+++ Data shown

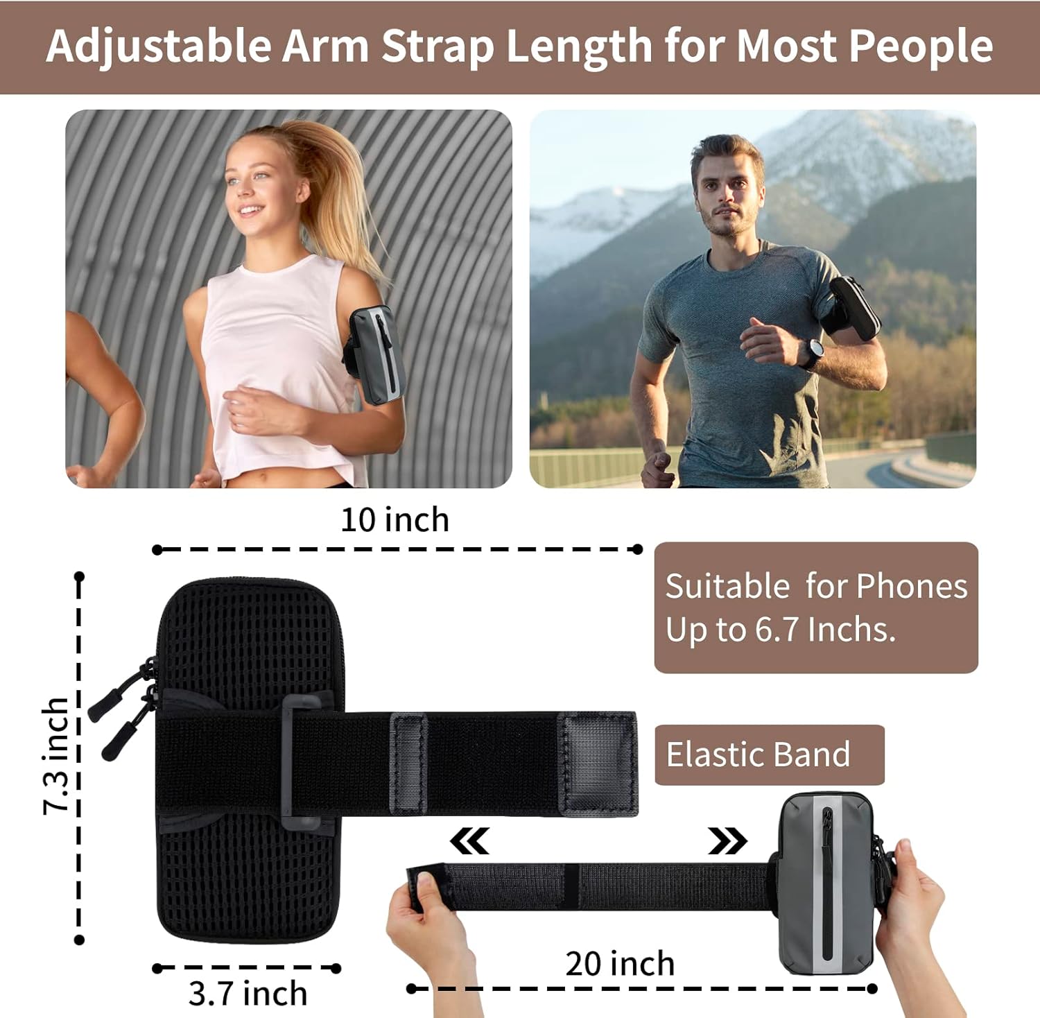 - [Universal Size]: The arm band is 7.3*3.5 inches, which can fit a cell phone up-to 6.7 inches. The phone holder armband is compatible with most cell phone,fits iPhone 14/13/12/11/Pro/Pro Max/Plus/Mini/SE/Xs Max/Xs/XR/X/8/7/6/Samsung Galaxy up to 6.7 inchs, etc.
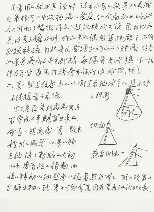 字不是在笔到处都垂直于纸面的平动中写出来的。会有一点角度。有一点儿锥形的感觉。如果以腕为轴,除了动腕的大动以外,还有指的精动。而指的精动为轴点是以握笔点为准的。所以说写小字,腕为轴的话,笔不可能拿高。因为掌再立也没有那么长。
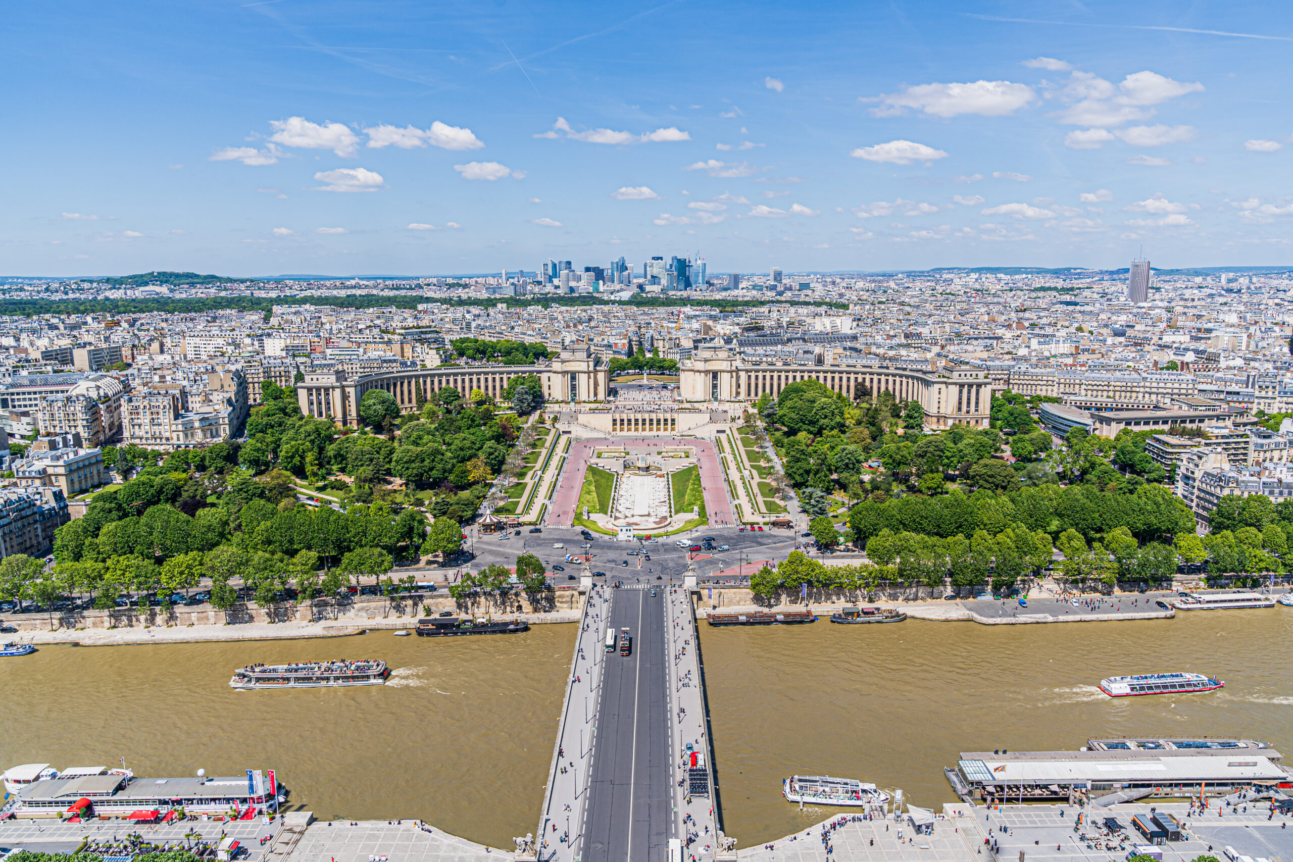 Το Παλάτι του Τροκαντερό, αυτό το συγκρότημα μαυριτανικής και νεοβυζαντινής διακόσμησης που φτιάχτηκε για την Παγκόσμια Έκθεση του 1878, κατεδαφίστηκε για να δημιουργηθεί το, γεμάτο μουσεία σήμερα, Palais de Chaillot. Όταν τα πλήθη γεμίσουν τους κήπους, μπορείτε να καταφύγετε στο Café Lucy εντός του παλατιού Musée de l’Homme, προκειμένου να απολαύσετε τη θέα.
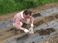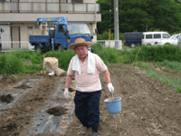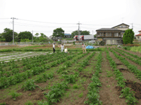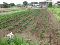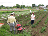 5月3日(日)じゃがいもクラブは小雨の中、去る3月15日に植えたジャガイモの草取りと枝豆の種を蒔きました。連休中にも拘わらず多くのメンバーが出席、L.赤坂は初めて豆トラの運転を体験、L.浅子もトラクターを運転、見る見るうちに除草、種蒔を終えることが出来ました。 |

++++++

— Prompt —
Beginning with the line where "Το Παλάτι του" appears, restate word for word every line down to the last one in the data, but keep the pictures out.

— Expected answer —
 Το Παλάτι του Τροκαντερό, αυτό το συγκρότημα μαυριτανικής και νεοβυζαντινής διακόσμησης που φτιάχτηκε για την Παγκόσμια Έκθεση του 1878, κατεδαφίστηκε για να δημιουργηθεί το, γεμάτο μουσεία σήμερα, Palais de Chaillot. Όταν τα πλήθη γεμίσουν τους κήπους, μπορείτε να καταφύγετε στο Café Lucy εντός του παλατιού Musée de l’Homme, προκειμένου να απολαύσετε τη θέα.
 5月3日(日)じゃがいもクラブは小雨の中、去る3月15日に植えたジャガイモの草取りと枝豆の種を蒔きました。連休中にも拘わらず多くのメンバーが出席、L.赤坂は初めて豆トラの運転を体験、L.浅子もトラクターを運転、見る見るうちに除草、種蒔を終えることが出来ました。 |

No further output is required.